By: Gurleen Aujla, Peak Associate
ARIES: You’ve waited until the last minute to watch your lecture recordings and you’re furiously trying to learn about the difference between prosimians, monkeys, and apes at four times speed. Try throwing your laptop in the trash and head to Nesters Market to buy seven single bananas — one for every miserable day this week.
TAURUS: You know your finance exam is coming up, yet the couch seems to have swallowed you. But don’t worry, you know yourself best. Slide down from the couch to the floor and have a movie marathon. Your feet will be on the floor during the exam, so you’re basically studying, anyway.
GEMINI: Finals are creeping up. You can still remember making what you took as awkward eye contact with your TA over Zoom as she talked about not cramming the night before. But she knows you wouldn’t do that. You cram the day of!
CANCER: You’ve got your Google Drive folders, chapter notes, and highlighters ready to tackle finals. To stay on track when distractions appear, try short study sessions throughout the day and you’ll feel uber-confident — until your professor puts the exam in the Discussions folder instead of Quizzes on Canvas.
LEO: You’re reading this surrounded by an exhibit of take-out containers from your sushi, pizza, and burgers. You’ve been burning the midnight oil this week, but your efforts will pay off. Leave your dungeon and take the time to make a simple home-cooked meal tonight . . . maybe try a sushi burger?
VIRGO: It feels like you have a million tabs open, which might be true with the three screens you have going. Your paper is nowhere near done because you switched topics halfway through, but you’ve helped a close friend on their group presentation all while mentally planning for your new sticker business.
LIBRA: Your group presentation is tomorrow and you’ve spent the last 43 minutes designing the title slide. But, hey! At least you’ll have good aesthetics. Try setting a recurring 25-minute timer to get it done while cursing SFU’s pass/fail option to cover all your bases, personal and professional.

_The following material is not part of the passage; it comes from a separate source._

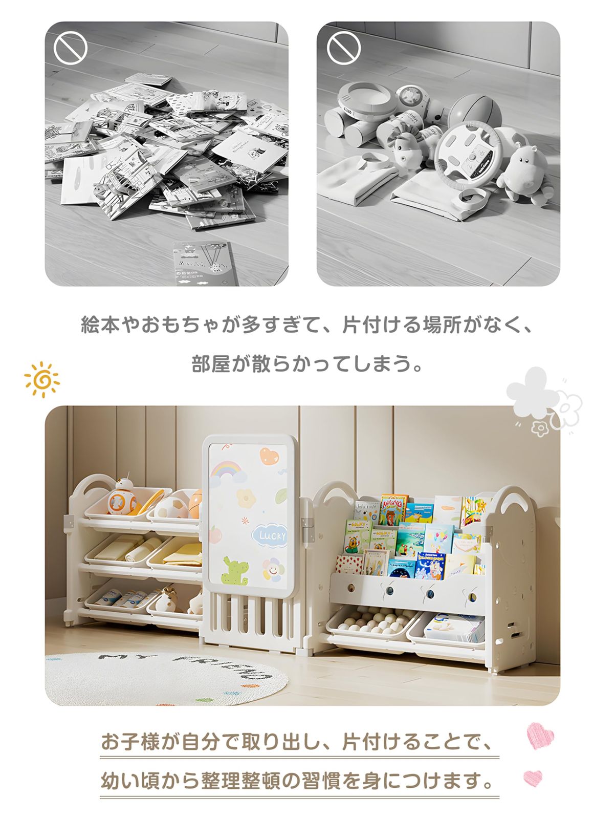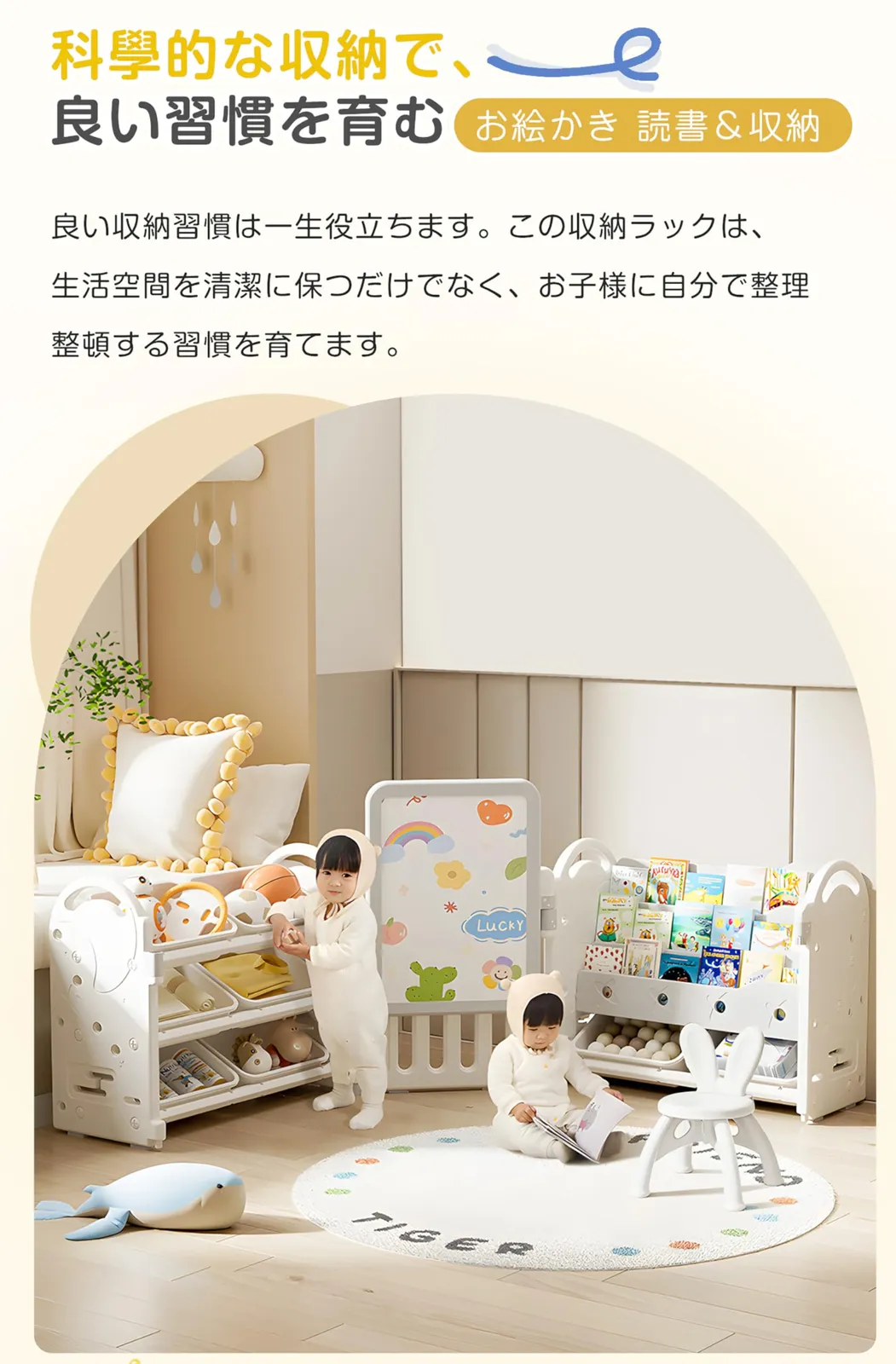 遊び・学び・片づけを1台でまとめた、フルセット仕様の収納ラックです。

SCORPIO: You’re overwhelmed while juggling school, work, and family commitments. You feel like each day merges into the next and can’t decide whether to cry or laugh about it. Maybe switch from espresso to herbal tea and figure out what task you can scrap. Can you even fit in crying?
SAGITTARIUS: You’ve spent the last hour scouring blog posts for the best finals study tips, and yet your textbook is gathering a film of dust. Your mind keeps drifting off everywhere, even to planning your virtual birthday party. Please go to office hours. Your TA might help with decoration ideas!
CAPRICORN: You’ve been methodically preparing for finals since March. You’re beyond prepared for anything your professors can throw at you. This week, put your phone on “Do Not Disturb” and relax. Try not to think of the Rate My Professor reviews which say your professor is known for throwing curveballs on the exam . . .
AQUARIUS: You just finished your fourth Zoom call of the day and are absolutely exhausted. Rest assured, finals will end and you can have your personal freedom back. This includes the ability to lounge on the couch. You can scream into the couch pillow instead of your bed pillow for a nice change of pace.
PISCES: You have a strange urge to dye your bangs pink with all the stress from finals. Word of advice: watch the lecture recording first. You aren’t even sure if you watched or dreamed that you did. Second, look up some bleach fail videos. Then you can make a hair decision.